Arranqué el motor, comprobé que todo funcionaba bien y decidí dejar el cambio del filtro del aire para el próximo día, porque es un K&N y también tiene su historia.
Me lavé un poco las manos y aproveché para hacerle una foto a la R65 mirando su traje rojo.


Recogí todo y cuando estaba pensando que no se había dado mal el día, me doy cuenta de que no he laqueado una pieza. En efecto, la careta se había quedado por allí escondida y no he reparado en que faltaba. Y el caso es que tuve todo el día la sensación de que me faltaba algo, pero no caía. Debe ser el Alzheimer.


Ea, pues ya vuelvo a tener tarea de laca para el próximo día. Esto no se acaba nunca.
Edito nuevamente la entrada porque acabo de llegar de Ronda. Me he escapado un rato y he aprovechado para laquear la pieza que me faltó el otro día. He tenido que darle algún que otro retoque con pincel antes, en los bordes, porque solo de haberla dejado apoyada en la mesa se ha arañado un poco la pintura.




 

Después he tenido unas palabras con la pistola, que seguía empeñada en estropearme el trabajo escupiendo más que pulverizando la laca. Le he cambiado una tórica que estaba un poco pasada y ya ha seguido bien. He hecho alguna prueba en el interior de la careta y en los tubos de los calentadores de agua, que están ya superprotegidos contra la corrosión por la de pintura que llevan y me he puesto a pintar.

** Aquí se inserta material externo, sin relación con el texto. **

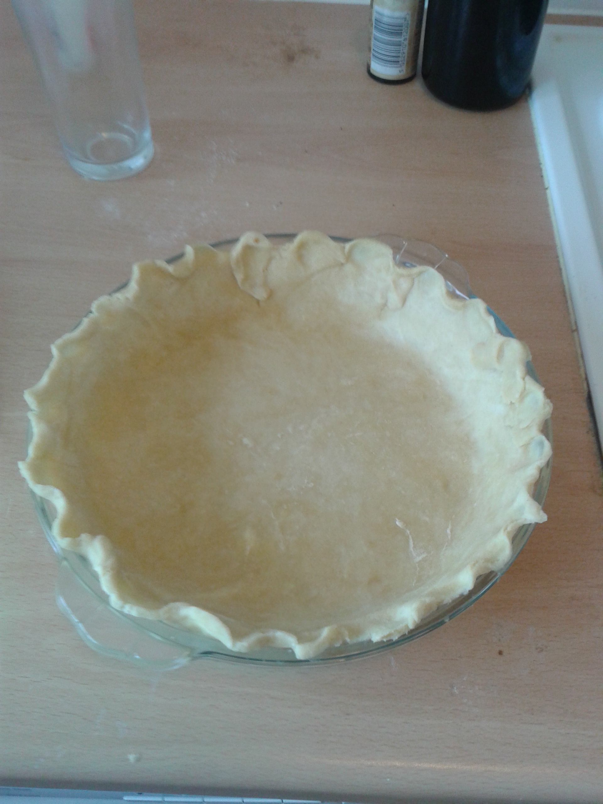 First I had to find a pie crust recipe that didn’t call for shortening (a heathen American device). I was fine with this because, butter. Then I whipped it up by hand because we have no kitchen equipment besides a mixing bowl that’s a third of the size of what we’re used to, before leaving it to chill in the fridge overnight. The next morning I rolled it out with a highball glass in lieu of a roller (see: lack of kitchen equipment).
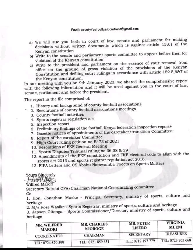 "On 27th Thursday of October 2022, you were sworn in to defend the constitution of Kenya. In the football matters, you have completely violated it by not adhering to it in many circumstances. We hereby demand you to act upon the following heating matters in the football circle with emergency;
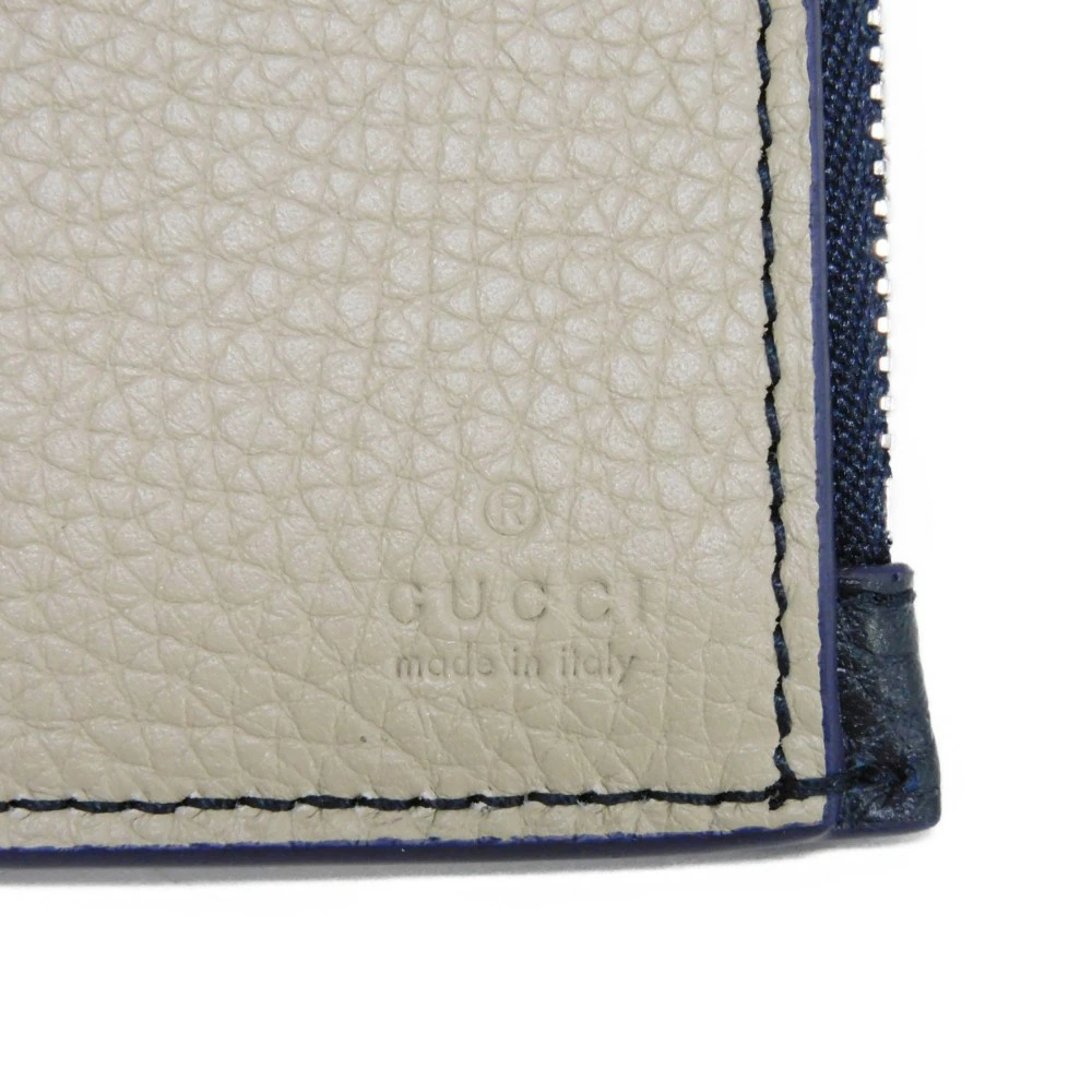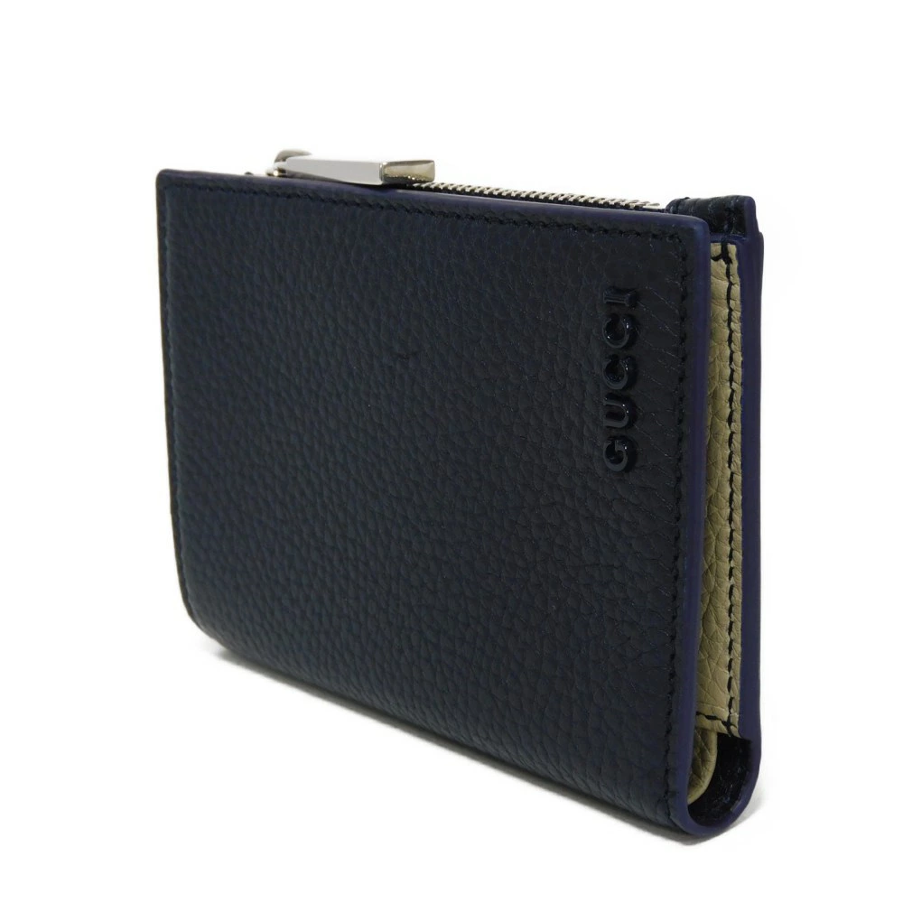 Gucci GUCCI Bifold Wallet with Coin, Oatmeal Interior, Current Model, Greige, Two-Tone, Dark Blue Logo, Excellent Condition, 817021 AAEGG 4043, Men's Wallet, Elegant, Luxury, Sophisticated, Brand Name [Pre-owned]

¿Los resultados? pues estos. No está mal del todo pero tampoco está bien del todo. Digamos que progreso adecuadamente.



También he aprovechado para quitarle el filtro de aire K&N a la R100RS y ponerle uno que tenía medio limpio de los normales.


Me lo he traído a Sevilla y acabo de hacerle las dos operaciones primeras: impregnarlo con el limpiador y dejarlo actuar durante diez minutos y ponerlo a secar.


enjuagarlo bien con agua fría a baja presión



Mañana cuando esté bien seco le pondré el aceite y lo dejaré metido en una bolsa hermética hasta que vuelva a Ronda y lo cambie.




Y con esto doy por acabada la entrada.